# Acer Aspire 7520 - Reset BIOS



## Eivind

Hi

How do I reset the BIOS on my Acer. I can't find the BIOS battery or connector...:upset:

My laptop doesn't boot. It went into a cycle of start/stop/start/stop.....2 sec of start before stop and so on. I had to remove battery pack to end the cycle. The boot process stopped before I could push DEL to enter the BIOS menu. So I will try to reset BIOS, my only option....

OS is Vista

Any idea how to solve the problem?


----------



## Old Rich

and welcome to the Forum

When you get in BIOS, check that the hard drive is rec ognized


----------



## Eivind

simpswr said:


> and welcome to the Forum
> 
> When you get in BIOS, check that the hard drive is rec ognized


First I had to find out how to reset BIOS, HELP!!??


----------



## andrexman1

Eivind,

It is a hardware problem. reseting bios won't do anything.
The discussion of this very problem will be found at:
http://www.techsupportforum.com/f210/acer-aspire-7520-repeats-going-and-off-343165.html

Good luck.


----------



## andrexman1

by the way, if you still wanna reset the BIOS, here's how to do it:
You'll have to remove the Cmos battery (a round battery similar to those you find in watches) for at least 30 min. and the next time you start the computer the BIOS will reset.
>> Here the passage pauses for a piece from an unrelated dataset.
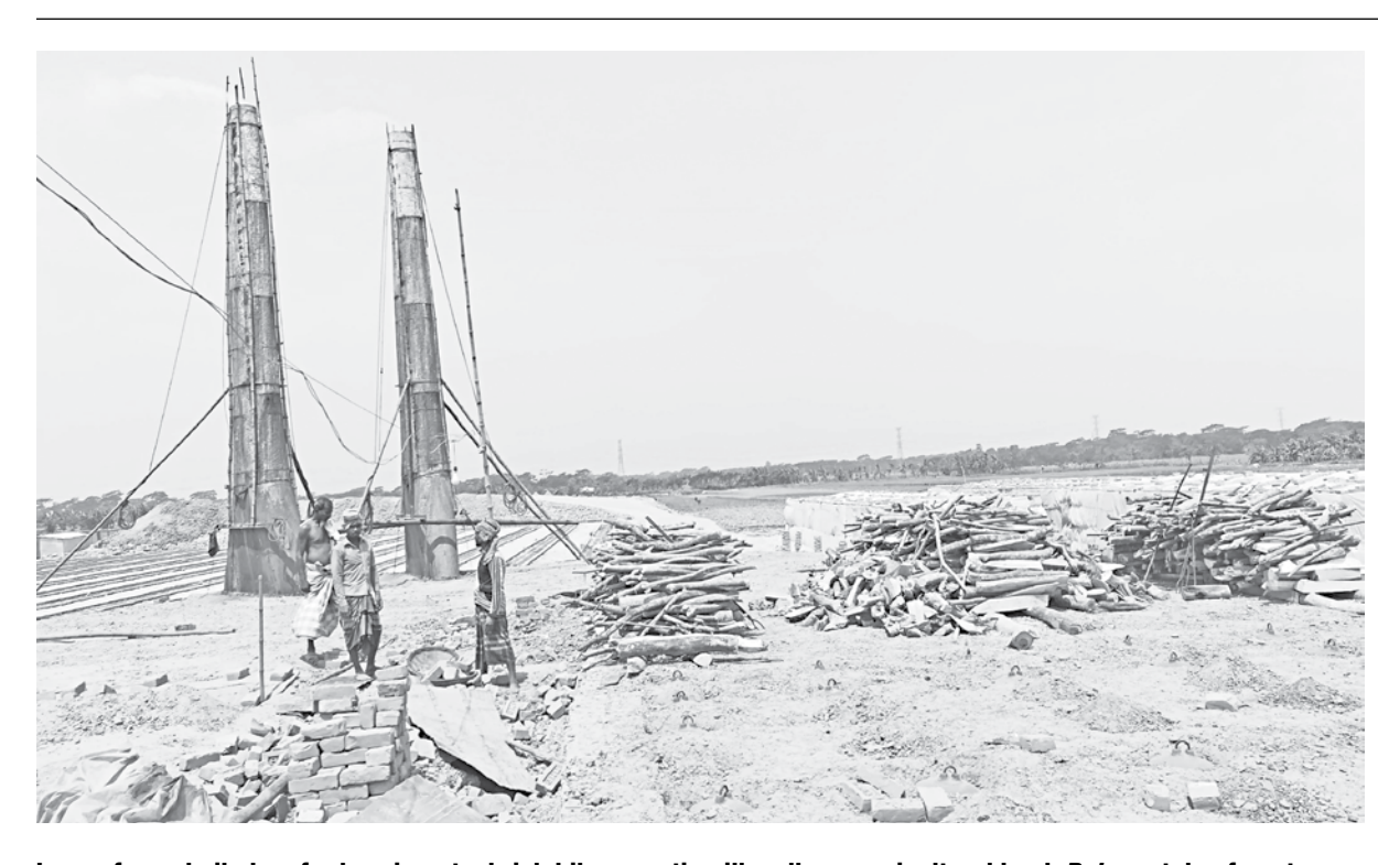
Logs of wood piled up for burning at a brick kiln operating illegally on agricultural land. Below, stolen forest wood being sized up at a saw mill set up at the same establishment -- Five Star brick kiln in Khakdan village of Barguna's Amtali upazila. The photos were taken recently.

The only problem is that the computer won't go into bios, the power cuts off before the screen even turn on..


----------



## Old Rich

Eivind said:


> First I had to find out how to reset BIOS, HELP!!??


To reset . . enter BIOS click on Reset to defaults . .


----------



## Eivind

Andrexman1

Your right, it's logic. It must be a hardware problem since the Acer turn off before the screen turn on. May I have to replace the processor or ...... ?


The case: "Reset BIOS" 
How ever, I removed the panels under the laptop, but can't see/find the Cmos battery:upset:. Where is it "hide"? Do I have to remove the keyboard panel also ?
:smile:


----------



## andrexman1

Yes, the cmos battery is underneath the keyboard. It's not hard to remove it. Just open up the part with the buttons, it's all on clips and 2 screws in the battery compartment, and then just pull the keyboard out.

Good luck, and if you fixed your please tell me how you did it!


----------



## falcons

hi its a motherboard fault,take keyboard out,press on motherboard left hand side,use plastic handle,small screwdrivers best,turn on and try different areas,my 7520 now working fine,its probably a bad solder joint.


----------



## dai

i think the battery is soldered in on your model

here is a link to your manual 

http://support.acer.com/acerpanam/manuals/acer/0000/userguides/AS7520_7520G_UG_EN.pdf


----------



## watch

thanks i will try some of the tips


----------